Holzbewohnende Arten fördern

Die Ausscheidung von Naturwaldreser­vaten ist für den Erhalt vieler auf Totholz angewiesener Arten unabdingbar. Aber auch gewisse Wirtschaftswälder können wertvolle Lebensräume für holzbewoh­nende Lebewesen sein. Deshalb ist eine entsprechende Bewirtschaftung sehr wichtig.

Neben dem Liegenlassen von totem Holz richten sich die waldbaulichen Mass­nahmen, mit denen holzbewohnende Käferarten in einem Wirtschaftswald ge­fördert werden können, darauf aus, in einem Bestand eine grösstmögliche Strukturvielfalt anzustreben. Das schliesst auch die Habitatstrukturen einzelner Baumindividuen ein. Dafür eignen sich kleinflächige Nutzungen, die den natürli­cherweise entstehenden Lücken in einem sich selbst überlassenen Wald ähnlich sind. Hiebarten wie Femel- oder Plenter­hiebe sind geeignet, um solche Lücken zu schaffen.

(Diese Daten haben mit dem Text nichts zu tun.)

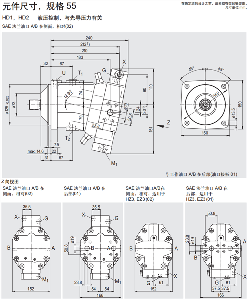 A6VM55系列力士乐轴向柱塞变量马达安装尺寸

Werden nach einem Holzschlag besonders in diesen Lücken der Schlagabraum und auch qualitativ minderwer­tige Baumteile grösserer Durchmesser liegen gelassen, entstehen wertvolle Lebensräume für viele holzbewohnende Arten. Um auch Strukturen an lebenden Bäumen zu fördern, kann für einen Bestand eine Art Altbaumkonzept ausgearbeitet werden. Das Bundesamt für Umwelt und die Vogelwarte Sempach empfehlen zwischen fünf und zehn alte Bäume pro Hektare, die langfristig oder für immer stehen bleiben. Von solchen Massnahmen profitieren nicht nur holz­bewohnende Insekten, sondern auch andere auf totes Holz angewiesene Arten von Vögeln, Säugetieren, Pilzen, Flechten und Moosen.